Commemorating Hell outlines how individual experiences of victims in the camp and in the surrounding community of Nordhausen compare to what has been portrayed over the years at the site’s memorial, a historical walk-through of the camp’s remaining ruins and new exhibit space.
Schafft and coauthor Gerhard Zeidler explore the memory of the Third Reich and how the history of the camp has been skewed from its beginnings to post Liberation to match the transitions of political powers in Germany. Schafft and Zeidler also cover other areas of interest surrounding the camp, including everything from the influence that perspective has on history to rocket science.
In its prime from 1943 and 1945, Mittelbau-Dora predominantly served as a labor facility for prisoners contributing to the makings of the V-1 and V-2 rockets. Some prisoners worked directly or indirectly under acclaimed engineer-scientists Wernher von Braun and Arthur Rudolph, both of whom later surrendered to the United States. Their records were ignored by the US and their Nazi Party and SS memberships expunged when they become employed with NASA. Later, they were credited with the development of the country’s pioneer space program and the first exploration of the moon.

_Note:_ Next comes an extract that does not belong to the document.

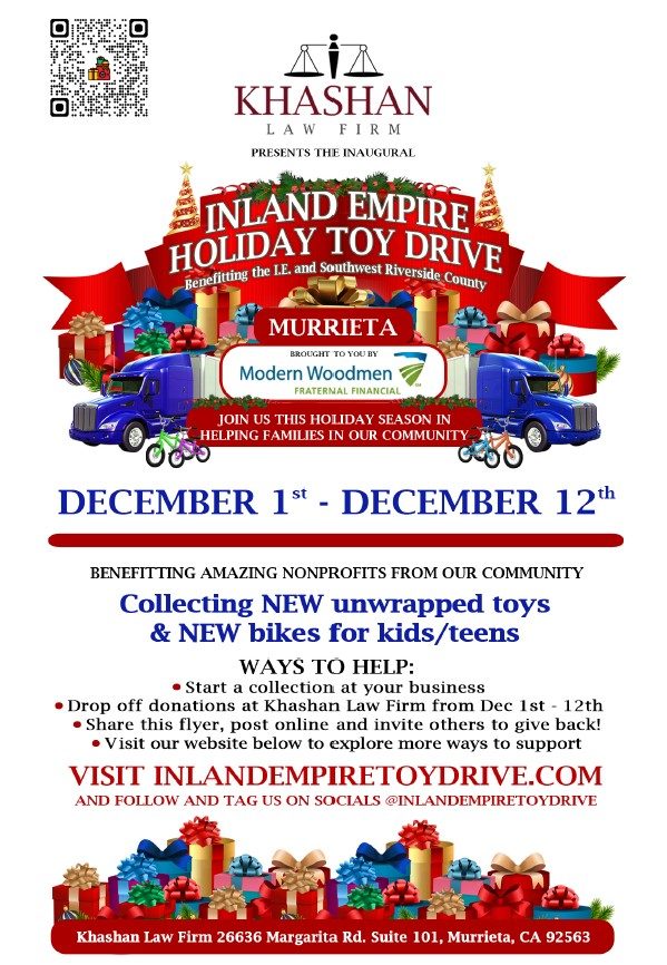 You are invited to participate in the Inland Empire Toy Drive! Donate a new, unwrapped toy or new bike for kids and teens. Donations can be dropped off at Khashan Law Firm in Murrieta during the 12 Days of Christmas. All proceeds directly benefit families and children through our nonprofit partners across Riverside County. For all the details, including drop off location and times: CLICK HERE To start a collection at your business: CLICK HERE

It’s estimated that only two thirds of the tens of thousands of prisoners survived the extreme conditions in which they worked in the camp. “For the first six months [of the camp’s existence], they lived underground like rats in a hole,” says Schafft. Unlike large death camps like Auschwitz, Mittelbau-Dora was a secret labor camp, hidden from the Allies during the war. “The standing temperature there was about 55 degrees, they had no exposure to sunshine, no exposure to fresh air, no sanitation to speak of, and they were dying terribly,” says Schafft.

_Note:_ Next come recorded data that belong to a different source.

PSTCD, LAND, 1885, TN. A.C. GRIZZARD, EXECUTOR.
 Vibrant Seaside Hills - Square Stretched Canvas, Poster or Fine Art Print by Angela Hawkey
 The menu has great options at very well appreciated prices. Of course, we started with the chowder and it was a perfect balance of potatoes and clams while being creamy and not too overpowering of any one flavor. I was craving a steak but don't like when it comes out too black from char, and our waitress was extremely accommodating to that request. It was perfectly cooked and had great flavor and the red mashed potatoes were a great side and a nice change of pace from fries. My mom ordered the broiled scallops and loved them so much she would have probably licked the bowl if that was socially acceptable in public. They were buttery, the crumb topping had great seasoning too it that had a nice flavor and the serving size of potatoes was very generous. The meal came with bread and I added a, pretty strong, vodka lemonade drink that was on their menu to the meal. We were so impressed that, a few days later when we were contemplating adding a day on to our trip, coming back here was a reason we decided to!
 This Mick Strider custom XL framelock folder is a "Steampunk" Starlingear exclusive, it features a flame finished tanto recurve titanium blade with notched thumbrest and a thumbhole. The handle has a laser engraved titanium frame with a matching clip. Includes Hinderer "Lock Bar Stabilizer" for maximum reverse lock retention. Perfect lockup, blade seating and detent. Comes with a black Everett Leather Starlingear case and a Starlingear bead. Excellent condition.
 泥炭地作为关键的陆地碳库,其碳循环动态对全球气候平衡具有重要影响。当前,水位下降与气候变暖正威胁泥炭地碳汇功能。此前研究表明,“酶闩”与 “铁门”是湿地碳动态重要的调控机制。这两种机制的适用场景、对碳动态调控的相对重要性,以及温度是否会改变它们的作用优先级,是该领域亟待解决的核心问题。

She stresses that while Mittelbau-Dora was a place of terrible suffering for the prisoners, residents in the surrounding community of Nordhausen also experienced an overwhelming amount of tragedy in the last days of the war as well. According to Schafft, it was the seventh most impacted city in World War II by the Allies’ strategic bombing, with only 60 percent of Nordhausen’s population surviving the attacks that occurred only days before the war came to an end.

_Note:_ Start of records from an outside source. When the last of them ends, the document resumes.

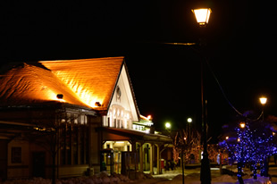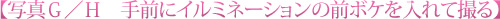 ライトアップされた建物だけを撮ると意外と寂しい感じがします(写真G)。そこで一工夫。もし、近くにイルミネーションがあるならば、それを手前側に入れてぼかしてみると、華やかな印象の写真に仕上がります(写真H)。
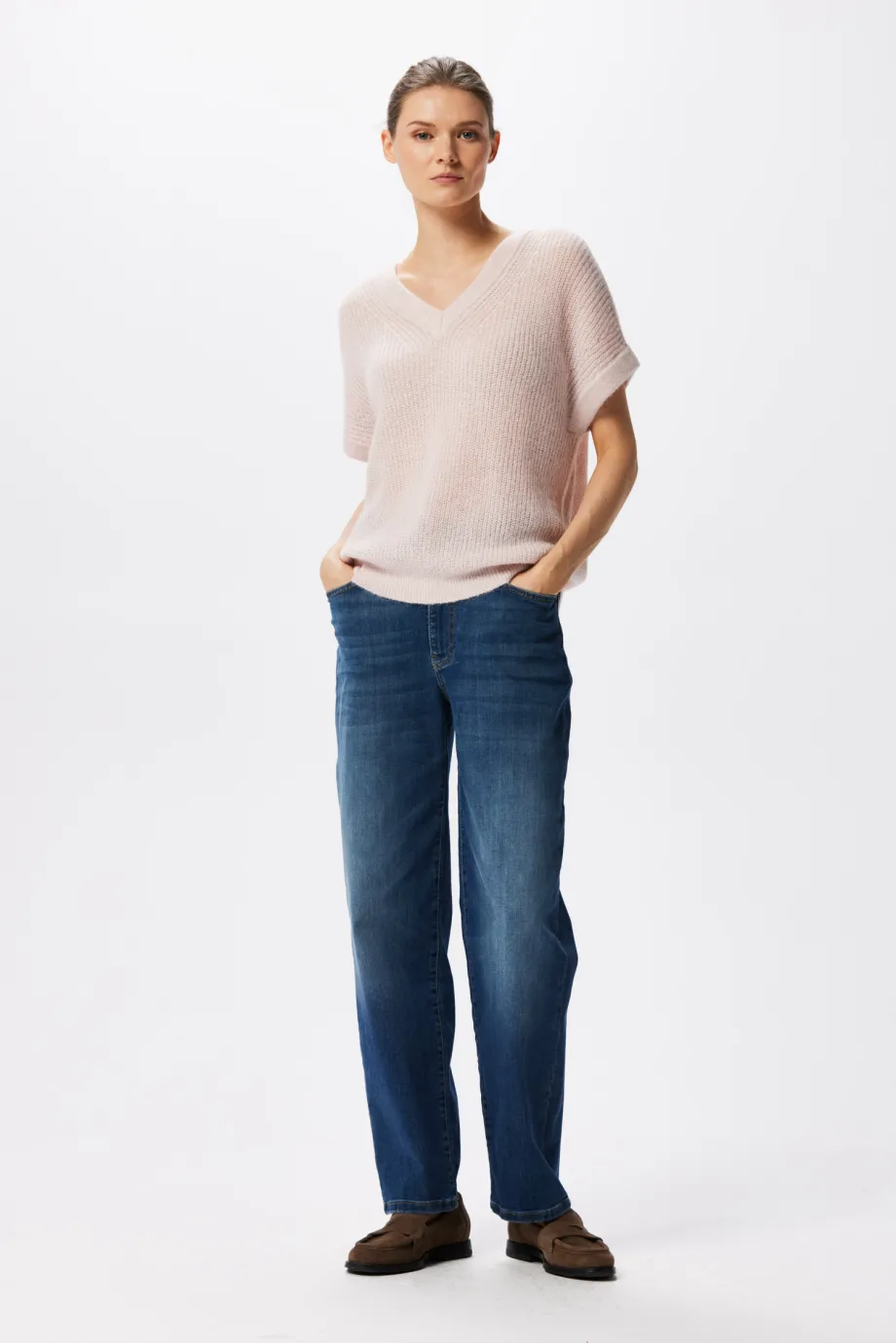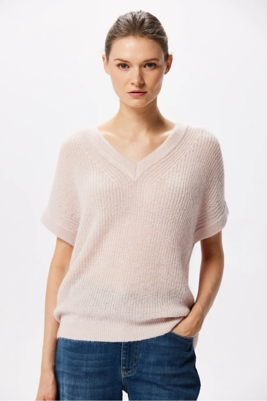 Bluse mit V-Ausschnitt in Puderrosa
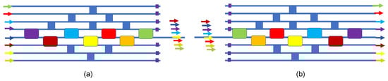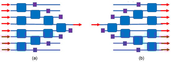 At this point, we move into the domain of wavelength-multiplexed circuits and networks. Here, we use a group of 2 × 2 resonators, and we require that each resonator is “dedicated” to a particular λr or “color”, with that color being different from all other colors in the group. In our diagrams, we “paint” a color on each passive add–drop resonator to indicate its λr, such as red, orange, green, blue, violet, navy, or sienna. The new design is presented in Figure 10 for multiplexer (MUX) and demultiplexer (DEMUX). In this design, it is assumed that an add–drop is in cross state for its color and is in the bar state for any other color. For this MUX/DEMUX, the add–drops are passive.

These Nordhausen residents play a crucial role in understanding how an individual’s private memories can differ from the community’s larger public memory. “With individual opinions and beliefs, one of the things that came out [of this research] was that people who lived in proximity [to Mittelbau-Dora] had very different experiences with a single event,” she says. “It makes a difference if your children were bombed and killed, or if the house down the street was bombed and the water system was destroyed. It makes a difference if you planned ahead in the concentration camp and hid a pair shoes so that you could survive the forced march and fought off others who wanted those shoes.”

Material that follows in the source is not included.